▶ Task data
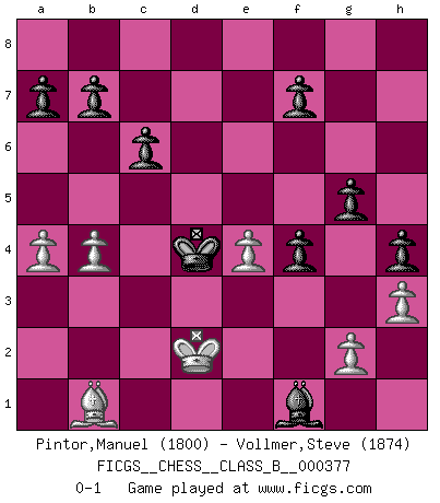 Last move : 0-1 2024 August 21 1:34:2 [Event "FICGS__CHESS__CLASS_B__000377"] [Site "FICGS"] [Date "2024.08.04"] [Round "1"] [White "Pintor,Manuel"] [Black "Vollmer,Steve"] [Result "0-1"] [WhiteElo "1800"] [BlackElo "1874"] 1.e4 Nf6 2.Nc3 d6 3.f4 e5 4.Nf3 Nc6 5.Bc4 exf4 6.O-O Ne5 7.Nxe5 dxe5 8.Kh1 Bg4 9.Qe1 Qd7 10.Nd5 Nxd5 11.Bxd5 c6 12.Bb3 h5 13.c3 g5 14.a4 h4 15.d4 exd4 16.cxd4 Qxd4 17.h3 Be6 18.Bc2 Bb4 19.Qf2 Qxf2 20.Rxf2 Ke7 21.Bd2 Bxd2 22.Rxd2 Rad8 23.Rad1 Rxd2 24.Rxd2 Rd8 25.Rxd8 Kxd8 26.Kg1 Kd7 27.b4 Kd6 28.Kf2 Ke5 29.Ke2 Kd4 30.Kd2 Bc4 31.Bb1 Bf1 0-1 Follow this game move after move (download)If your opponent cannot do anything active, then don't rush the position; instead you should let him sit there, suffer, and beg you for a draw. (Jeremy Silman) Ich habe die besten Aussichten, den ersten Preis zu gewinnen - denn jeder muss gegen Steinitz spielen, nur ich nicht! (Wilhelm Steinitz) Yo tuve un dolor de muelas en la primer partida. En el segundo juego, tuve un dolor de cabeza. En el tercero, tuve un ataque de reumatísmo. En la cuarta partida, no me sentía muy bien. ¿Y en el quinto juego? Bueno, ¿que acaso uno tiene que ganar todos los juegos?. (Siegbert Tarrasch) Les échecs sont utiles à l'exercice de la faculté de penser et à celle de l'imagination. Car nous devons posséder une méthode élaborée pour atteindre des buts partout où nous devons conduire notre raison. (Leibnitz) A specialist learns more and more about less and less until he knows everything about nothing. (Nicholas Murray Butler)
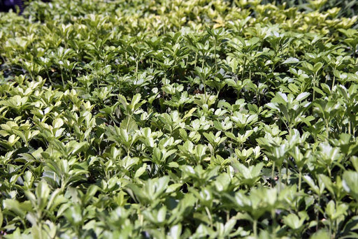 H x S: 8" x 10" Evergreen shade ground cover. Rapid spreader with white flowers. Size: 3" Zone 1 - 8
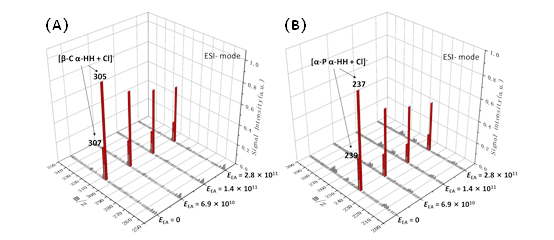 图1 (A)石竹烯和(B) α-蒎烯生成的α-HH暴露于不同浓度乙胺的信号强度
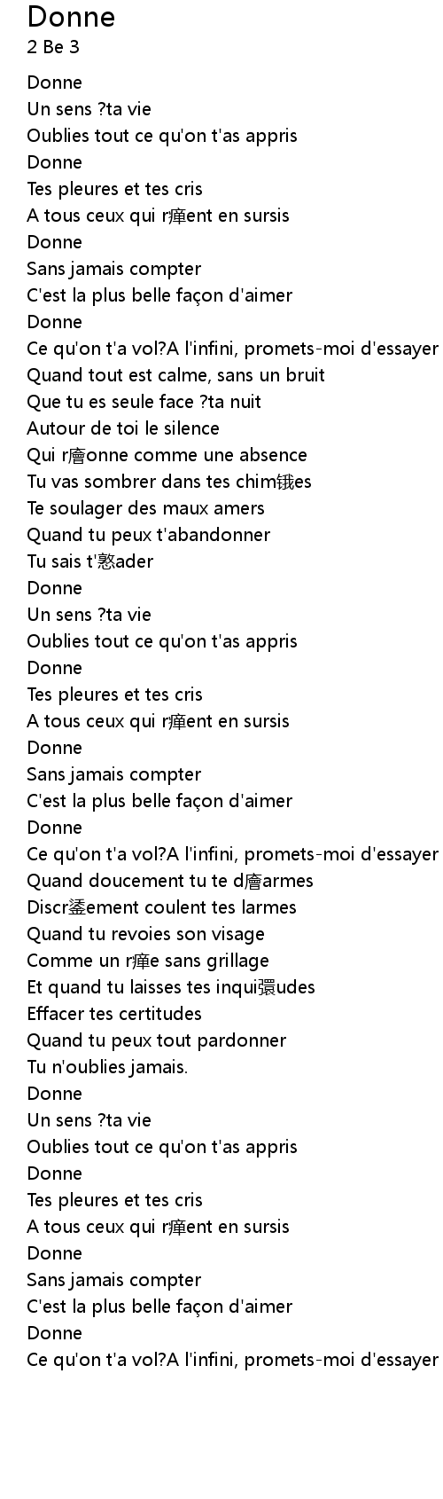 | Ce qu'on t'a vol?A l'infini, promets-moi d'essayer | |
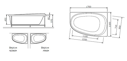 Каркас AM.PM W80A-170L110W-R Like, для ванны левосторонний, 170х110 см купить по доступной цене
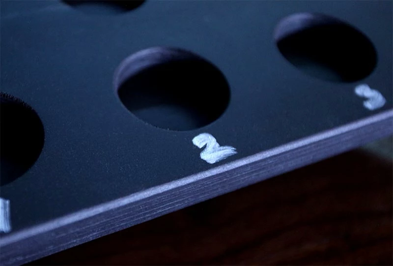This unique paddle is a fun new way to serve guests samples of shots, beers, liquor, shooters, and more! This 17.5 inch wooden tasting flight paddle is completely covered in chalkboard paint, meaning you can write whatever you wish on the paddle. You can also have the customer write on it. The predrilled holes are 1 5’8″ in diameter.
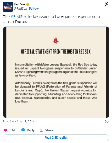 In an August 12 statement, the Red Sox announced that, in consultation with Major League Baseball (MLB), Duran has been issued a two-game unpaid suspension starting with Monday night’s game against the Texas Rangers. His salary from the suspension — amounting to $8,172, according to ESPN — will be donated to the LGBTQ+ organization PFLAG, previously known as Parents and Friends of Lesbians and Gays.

▶ Exercise description
In the material above, the stretch from the line with "图1 (A)石竹烯和(B) α-蒎烯生成的α-HH暴露于不同浓度乙胺的信号强度" through the line with "Каркас AM.PM W80A-170L110W-R" is to be given again exactly, minus the pictures.

▶ Task answer
 图1 (A)石竹烯和(B) α-蒎烯生成的α-HH暴露于不同浓度乙胺的信号强度
 | Ce qu'on t'a vol?A l'infini, promets-moi d'essayer | |
 Каркас AM.PM W80A-170L110W-R Like, для ванны левосторонний, 170х110 см купить по доступной цене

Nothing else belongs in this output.